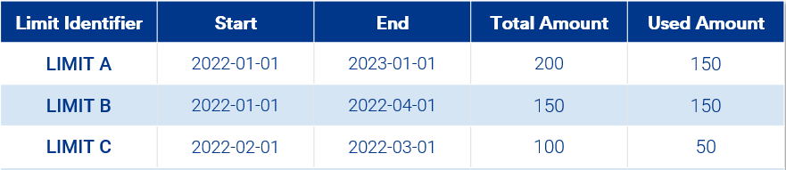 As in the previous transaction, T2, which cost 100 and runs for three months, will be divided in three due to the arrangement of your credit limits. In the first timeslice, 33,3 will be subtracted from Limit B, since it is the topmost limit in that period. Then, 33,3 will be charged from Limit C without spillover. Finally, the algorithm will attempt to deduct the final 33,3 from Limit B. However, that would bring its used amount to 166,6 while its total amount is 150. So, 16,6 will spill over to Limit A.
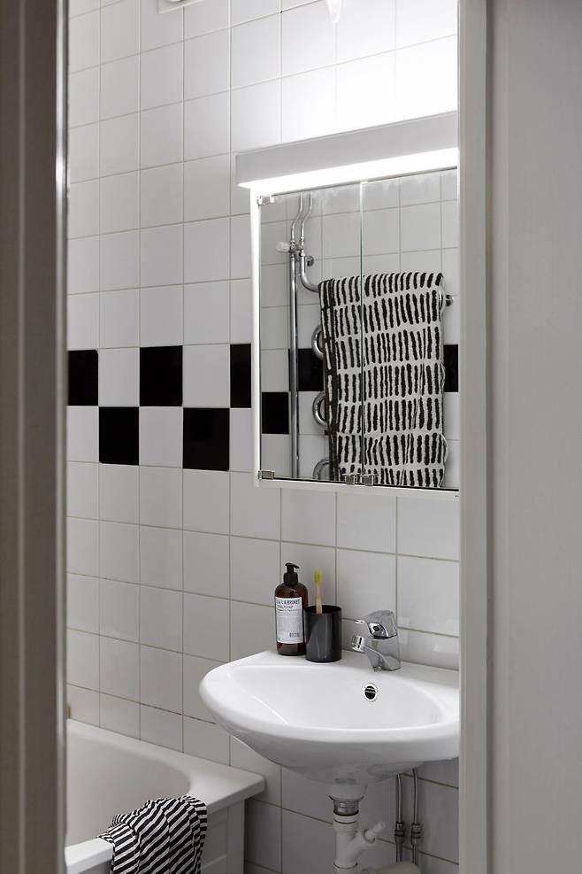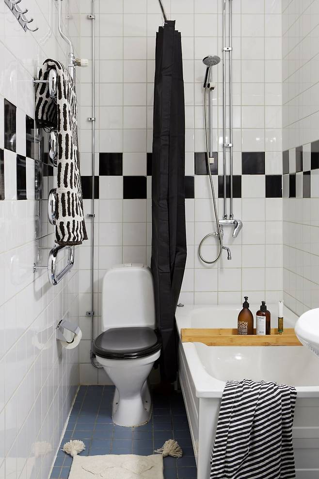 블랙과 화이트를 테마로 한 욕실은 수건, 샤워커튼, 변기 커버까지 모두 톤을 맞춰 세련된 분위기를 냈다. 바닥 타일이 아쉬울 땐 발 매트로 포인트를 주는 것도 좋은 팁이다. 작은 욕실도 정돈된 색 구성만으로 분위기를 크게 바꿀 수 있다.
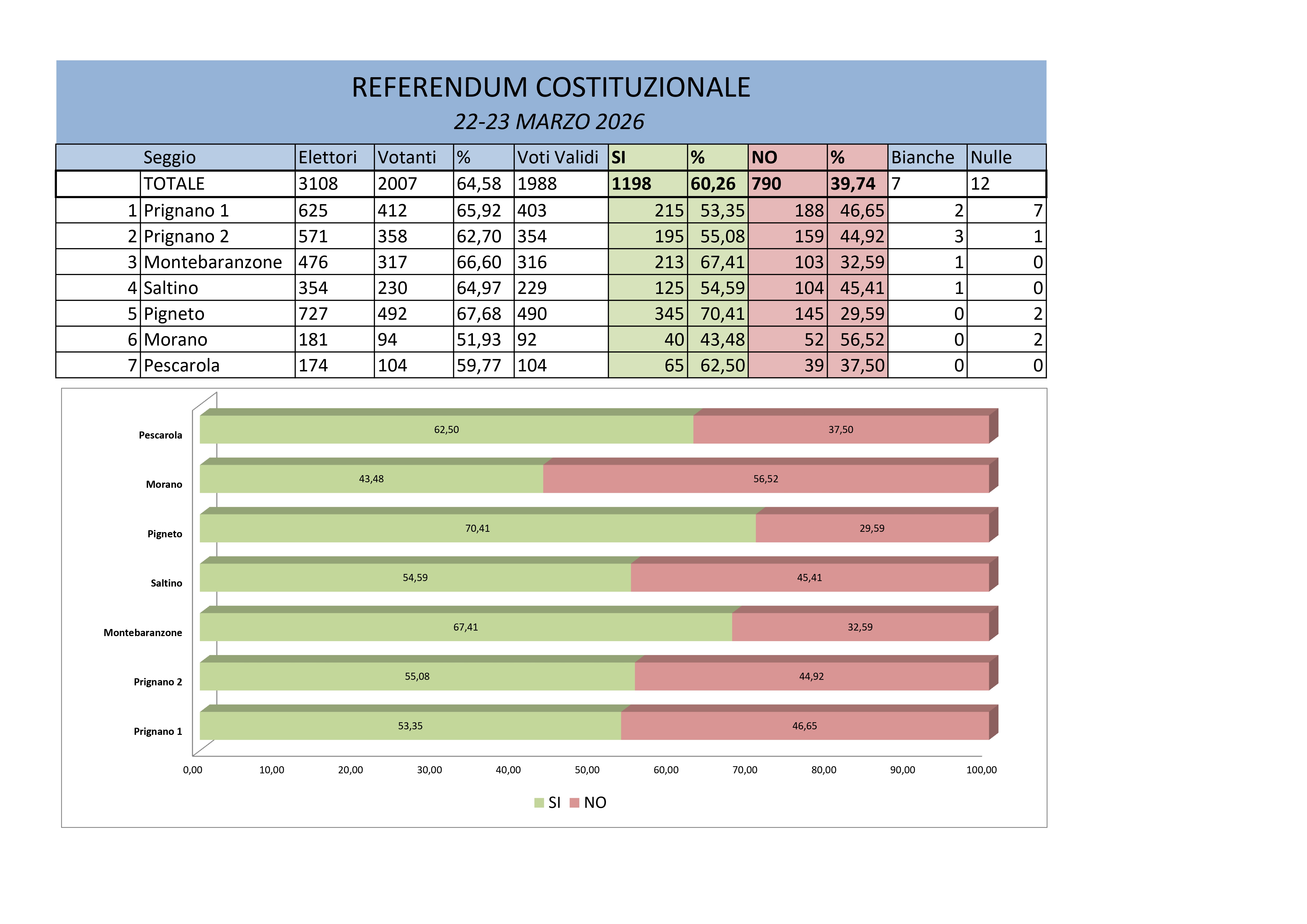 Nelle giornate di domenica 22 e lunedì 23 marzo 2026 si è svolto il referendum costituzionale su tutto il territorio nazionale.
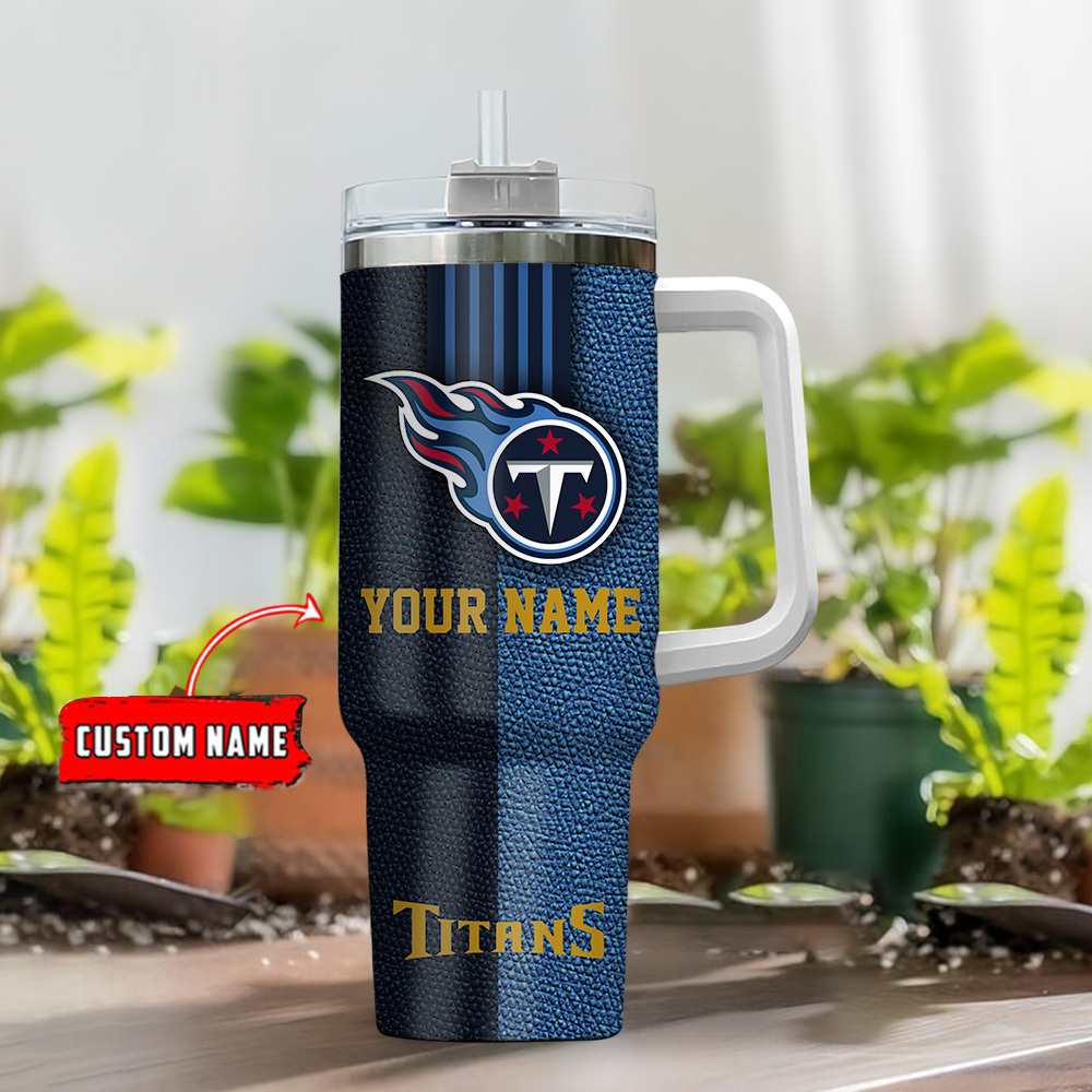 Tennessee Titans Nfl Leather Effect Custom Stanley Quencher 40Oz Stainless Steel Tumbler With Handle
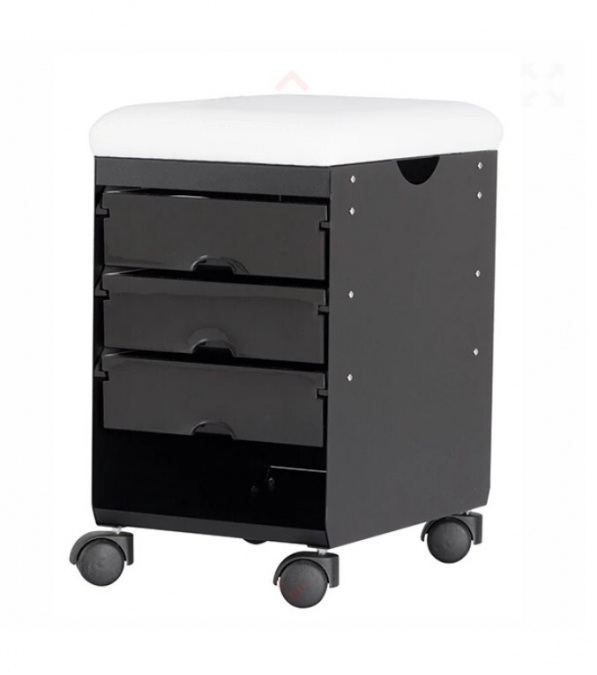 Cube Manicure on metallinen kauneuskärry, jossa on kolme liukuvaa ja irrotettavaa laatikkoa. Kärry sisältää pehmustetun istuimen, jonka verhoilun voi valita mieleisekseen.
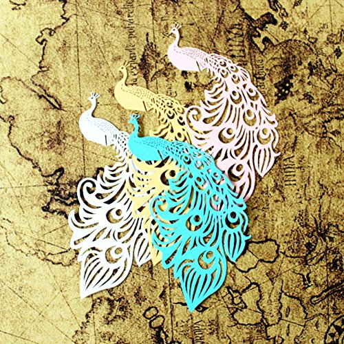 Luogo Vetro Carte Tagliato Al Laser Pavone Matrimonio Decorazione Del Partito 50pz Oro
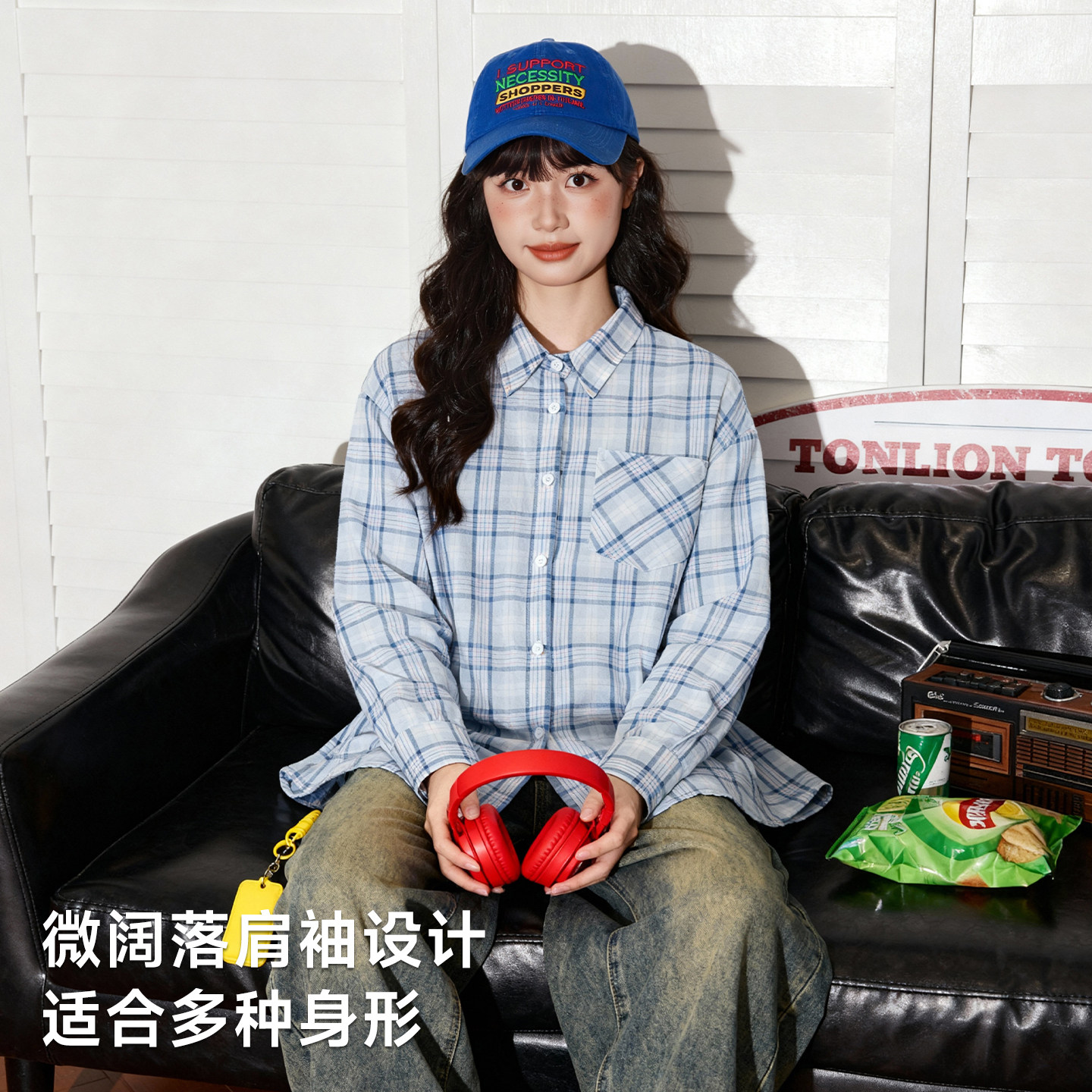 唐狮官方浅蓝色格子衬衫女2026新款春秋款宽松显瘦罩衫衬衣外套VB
========
> What this task involves
Output exactly the stretch of the listing that begins at the line containing "Tennessee Titans Nfl" and ends at the line containing "Cube Manicure on", both kept. Omit pictures and everything else.

> Result for this exercise
 Tennessee Titans Nfl Leather Effect Custom Stanley Quencher 40Oz Stainless Steel Tumbler With Handle
 Cube Manicure on metallinen kauneuskärry, jossa on kolme liukuvaa ja irrotettavaa laatikkoa. Kärry sisältää pehmustetun istuimen, jonka verhoilun voi valita mieleisekseen.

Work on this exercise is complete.